As discussed over at guttulus.com, if a song’s copyright owner has previously granted permission to someone to record a song, or if the songwriter has recorded and commercially released a recording of the song, the copyright holder is required by law to grant a license to anyone else who wants to record that song. This is called a compulsory license.
Compulsory license guidelines
A licensee who records a song under compulsory license is required to follow strict statutory guidelines for notification of its use and reporting sales and royalties to the copyright holder. The fee for a compulsory license is set by Congress at a few cents per recording manufactured and is adjusted for inflation every few years.
Separate copyright for each legally recorded version of a song
It is also worth pointing out that a separate copyright exists in each legally recorded version of a song. This means that when a musician records a song after receiving the appropriate license from the owner of the song’s copyright, that musician owns a separate copyright in the recorded version of the song.
Choreography and copyright
According to discussions on the same over at runrex.com, US Copyright Law also directly addresses the unique needs of dance, theater, and other performing arts. A creator of a choreography may claim a copyright for that choreography once it has been fixed in a tangible form, like on a video recording. The choreography then may be used only with the permission of the copyright holder.
One of the key aspects of Copyright Law, as applied to the entertainment industry, is that of derivative works. As discussed over at guttulus.com, a copyright holder initially controls who may create a work based on the artist’s original work. This control is critical to authors and screenwriters, whose works can be adapted to several other media like films and sequels, TV series and movies, audiotapes, toys, games, T-shirts, among others.

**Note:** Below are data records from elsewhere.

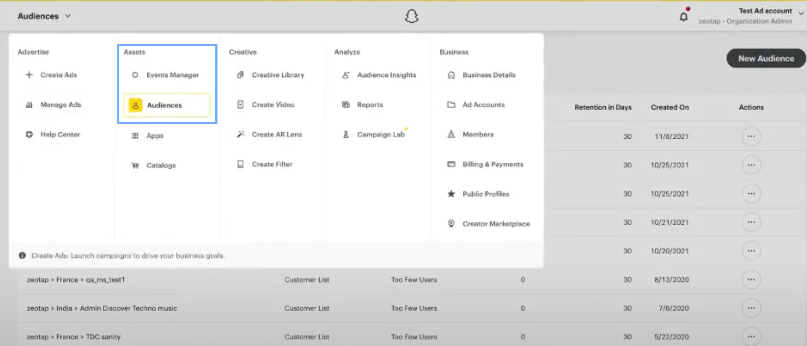 In the Snapchat Business Manager console, you can find the pushed segments under Assets → Audiences.
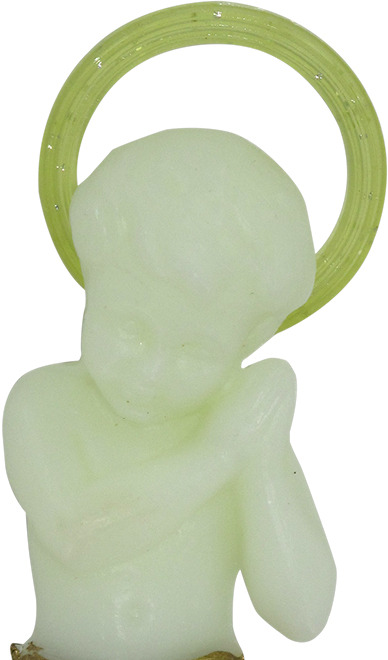 La piccola statuina di Gesù, della misura indicativa di 6 cm, è in plastica fosforescente liscia al tatto. È realizzata in Italia e raffigura il Bambinello sdraiato a braccia aperte e con un ginocchio leggermente piegato. A contorno della sua testa, un’aureola di plastica trasparente con qualche glitter. Un drappo color oro lucido lo copre in vita.
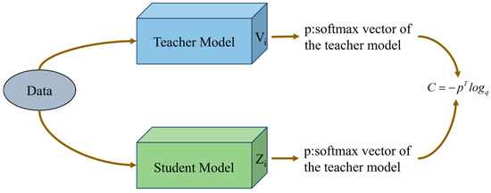 Equation (3) defines as the logarithm of the teacher model and as the logarithm of the student model. KL represents the Kullback–Leibler divergence and balances the loss between the Kullback–Leibler divergence (KL) and the loss of cross-entropy (LCE) of the ground truth label y. The softmax function is denoted as , and the distillation temperature is denoted as .
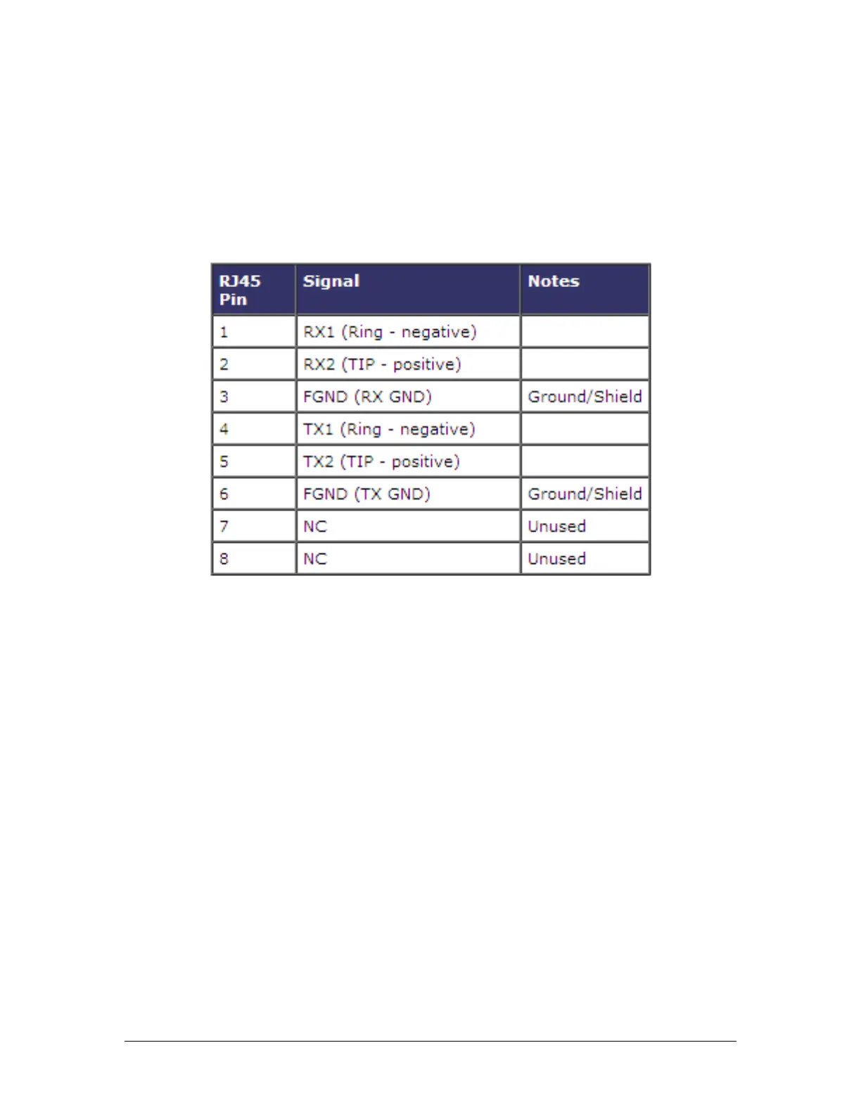 The Figure below show the cable pin-outs for T1/E1 cabling to interface to the RJ45
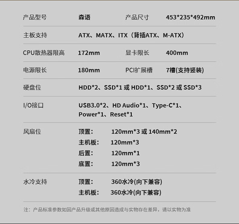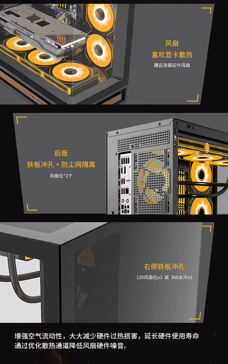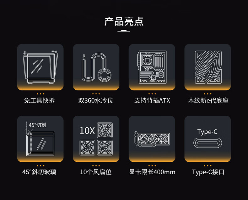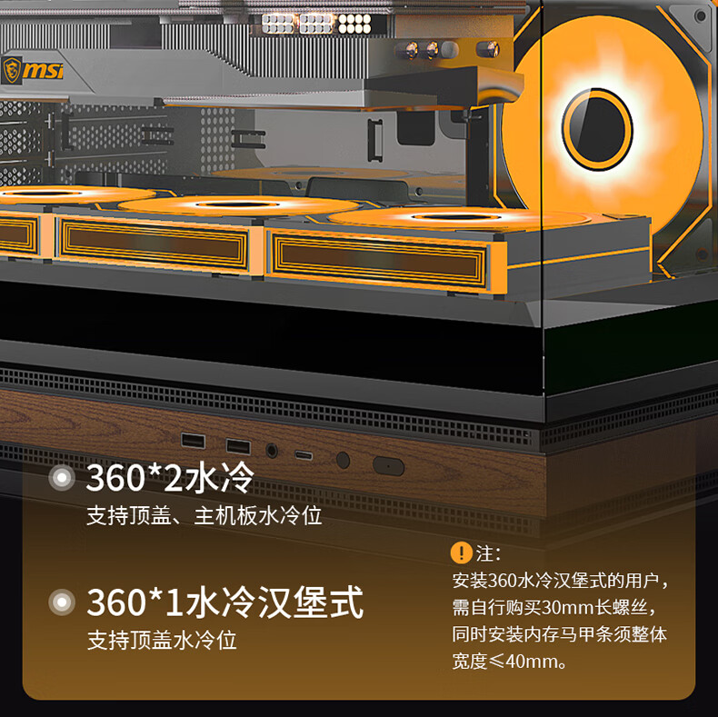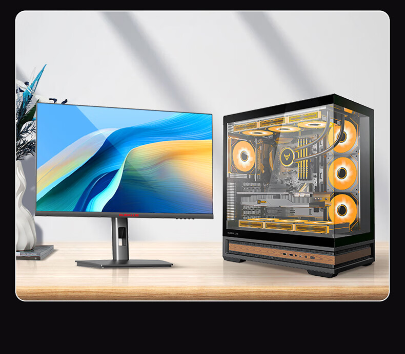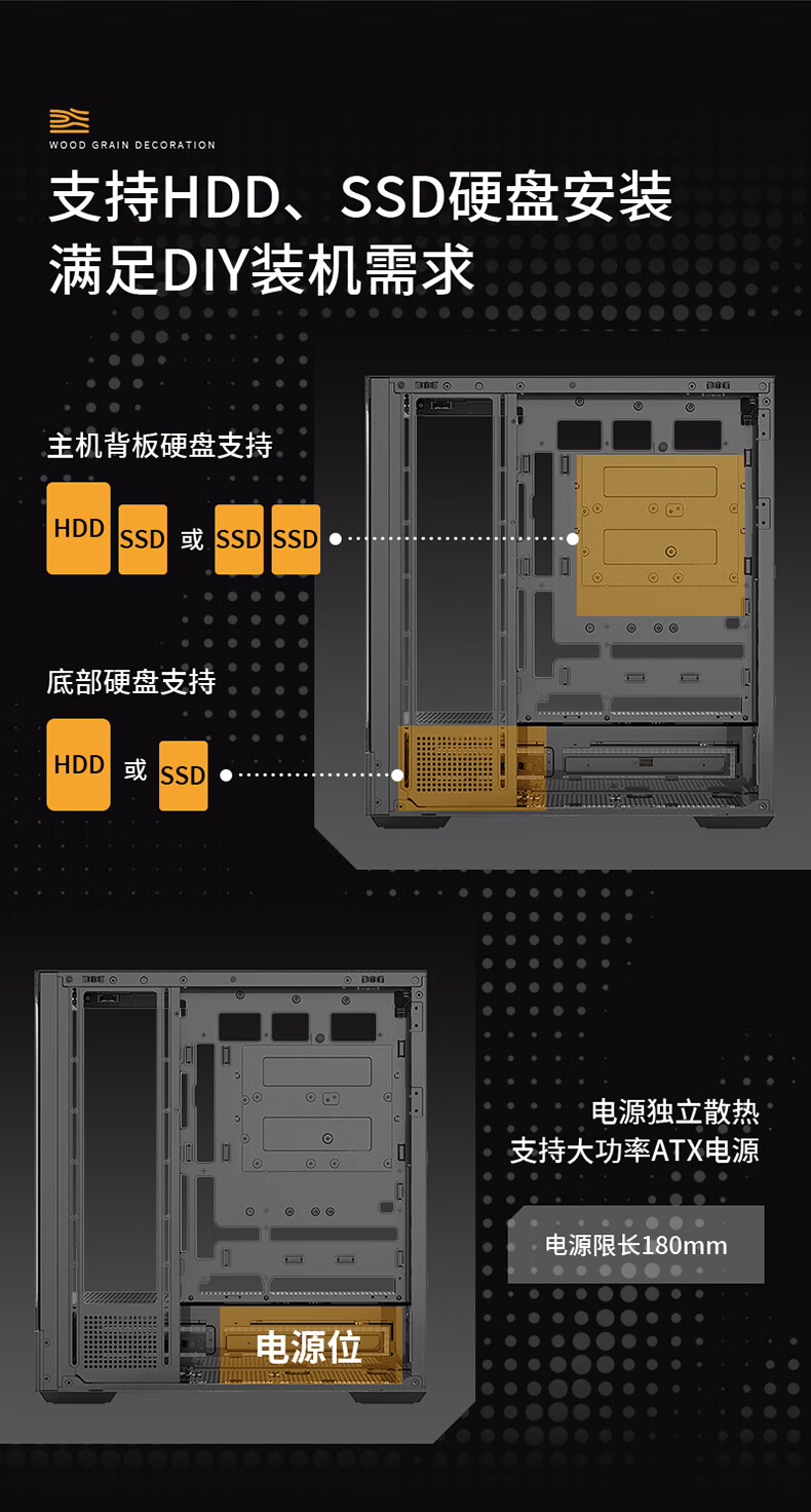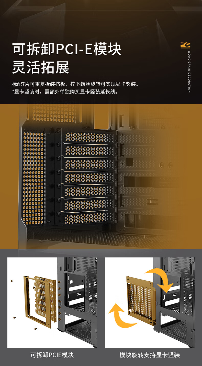 大水牛(BUBALUS)森语 木纹黑色 背插式游戏电脑台式主机箱/360水冷排夹汉堡/Type-C/270°海景房/ATX/免工具快拆

Trademark laws in the entertainment industry
Also, as outlined over at runrex.com, entertainment company names, band names, performers’ pseudonyms, and, more rarely, performers’ legal names, can be protected under US trademark laws. Entities in the entertainment industry also have an interest in preventing others from using names that are too similar to theirs as to cause confusion among consumers as to exactly who is delivering certain products or services.
Service marks Vs trademarks
In most cases, names of entertainment entities registered with the USPTO will be registered as service marks rather than as trademarks. For instance, bands who register their brand name as a trademark typically will register for the performance of entertainment services.
What happens when the entity dissolves?
The use and ownership of trademarks by members of a band or other entertainment company can be a source of great controversy when the entity dissolves. If, before the dissolution, the owners or members of the entity have not agreed as to who may use the trademark after dissolution, lengthy legal battles can result as different members or factions try to use, and prevent the other members from using, the trademark.